Arranged By [Orchestra] - David Bedford
Bass, Other [Duffle Coat] - Doug Ferguson
Drums, Vibraphone [Vibes], Percussion - Andy Ward
Electric Guitar, Acoustic Guitar, Guitar [Slide], Flute, Vocals - Andy Latimer
Engineer [Assistant] - Robert Ash
Engineer [Assistant] - Rod Thear
Engineer, Recorded By, Mixed By - Rhett Davies
Organ, Synthesizer [Mini Moog, Arp Odyssey], Electric Piano, Piano [Acoustic] - Peter Bardens
Producer - David Hitchcock
Written-By - Andy Latimer
Written-By - Peter Bardens

Notes

"The Snow Goose" was inspired by the short story of the same title, written by Paul Gallico in 1941.

Strawberry Bricks Entry: 
Camel's inspiration for their third album, The Snow Goose, was a novella written by Paul Gallico, for which the author won an O. Henry Award in 1941. The band did not receive the author's blessing, however, and subsequent pressings would be retitled (Music Inspired By) The Snow Goose to avoid copyright infringement. The all-instrumental album was again produced by Genesis and Caravan cohort David Hitchcock, and featured orchestral arrangements from David Bedford.
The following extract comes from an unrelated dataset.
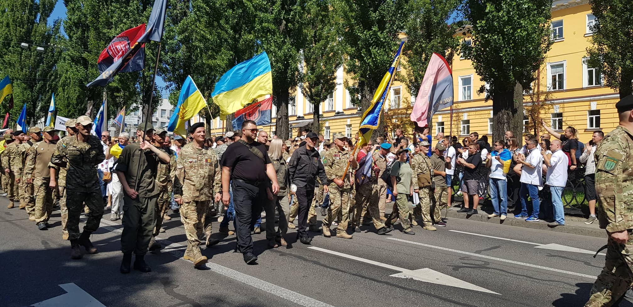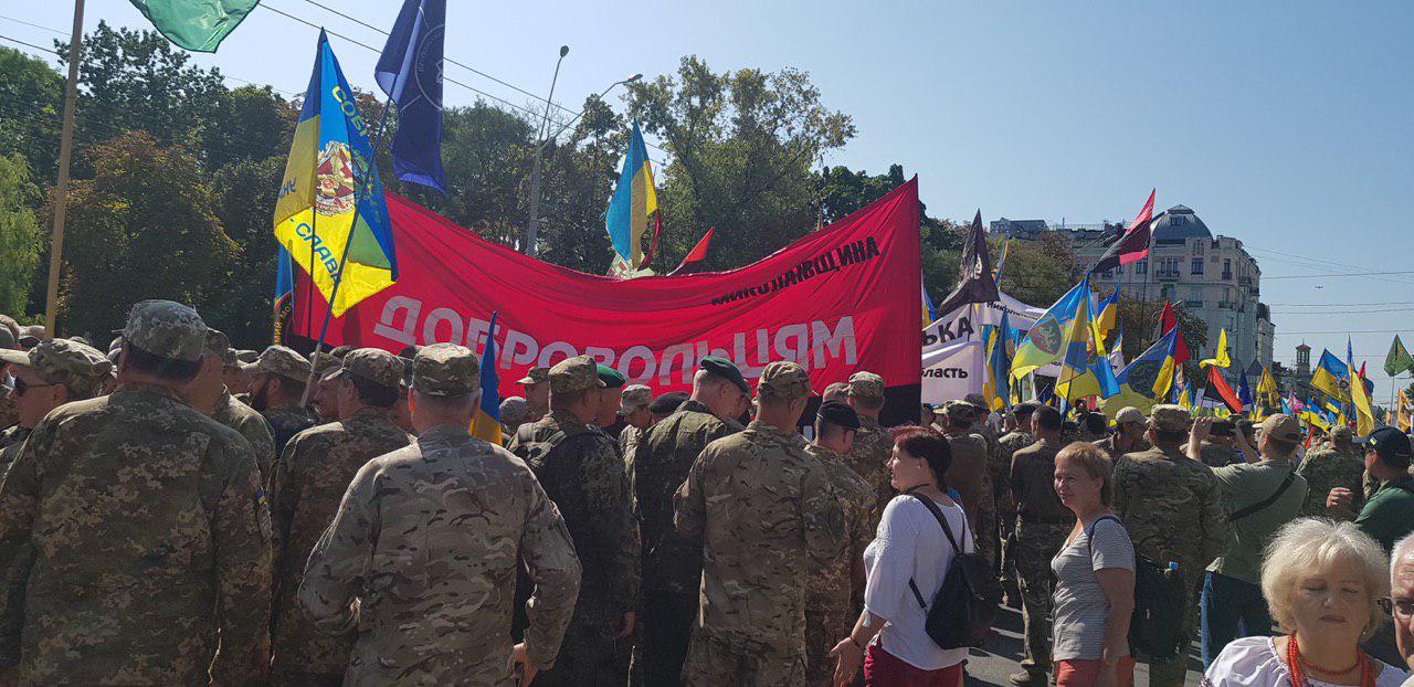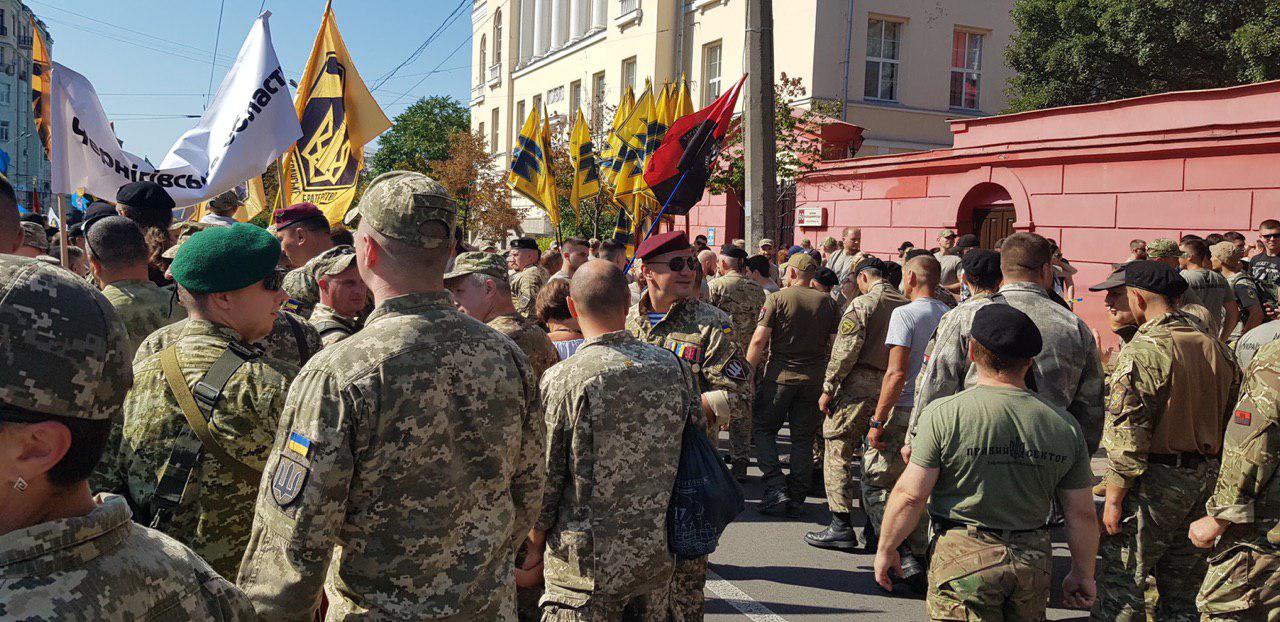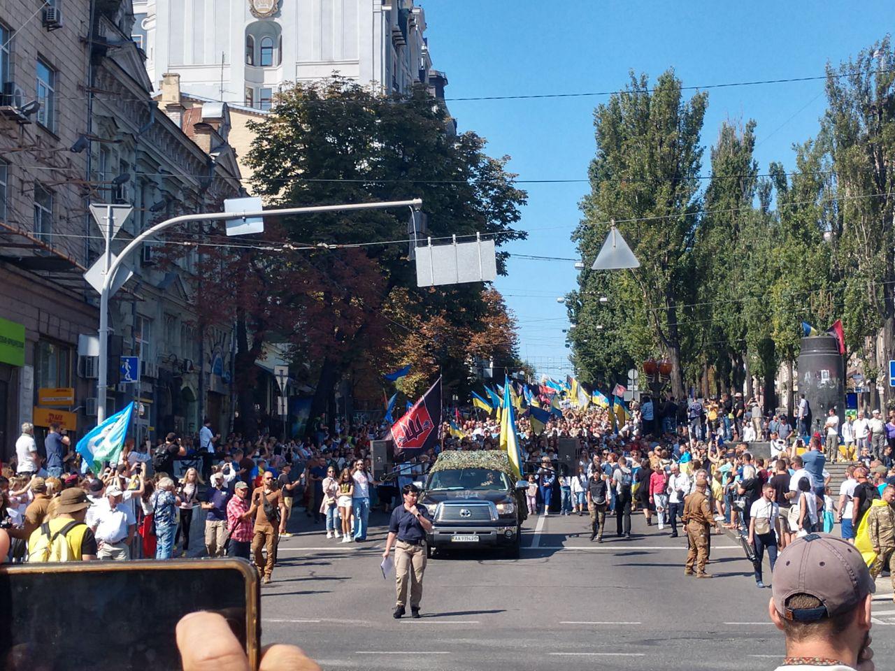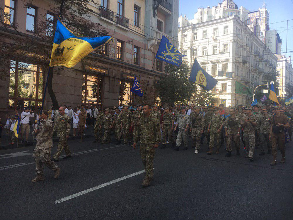 12:20 В колонне Марша националистов следующее размещение: за матерями и детьми  погибших участников АТО идет колонна города Киев. За ним - в сером камуфляже представители Муниципальной варты (скорее всего, это представители С14, переодетые в форму Варты - Ред.), за ними батальон "Киевская Русь", потом "Айдар". Потом - в колонне ветераны 93 бригады.

Set during WWII, Gallico's short story concerns an old man who is befriended by a young girl and an injured goose; so, it goes without saying that there's precious little heavy rock inside! Nonetheless, Camel uses precise arrangements to provide a cohesive uniformity to the album's 16 vignettes, and ends up with one of progressive rock's better-executed concept albums. "Rhayader" features a light and melodic main theme that sets the album's course. Andy Latimer's lead guitar takes a rare spotlight on the following "Rhayader Goes to Town;" but in general, the album forgoes soloing for tightly controlled arrangements. Pete Bardens's keyboard work is first-rate, offering a variety of textures. Doug Ferguson and Andy Ward never stretch out too much either, instead providing a solid anchor throughout. The second side drifts towards a more introspective feel, with "Preparation" and "Epitaph" both reprising a simple, haunting melody. David Bedford's orchestrations of "Friendship" and "La Princesse Perdue" are rich and judicious, but never overfilling. The album sounds spacious, inspired and relaxed; if not everything needed to "rock out," Camel certainly would take top honors. The album was Camel's first in a long stretch of charting records, reaching No. 22 in the UK.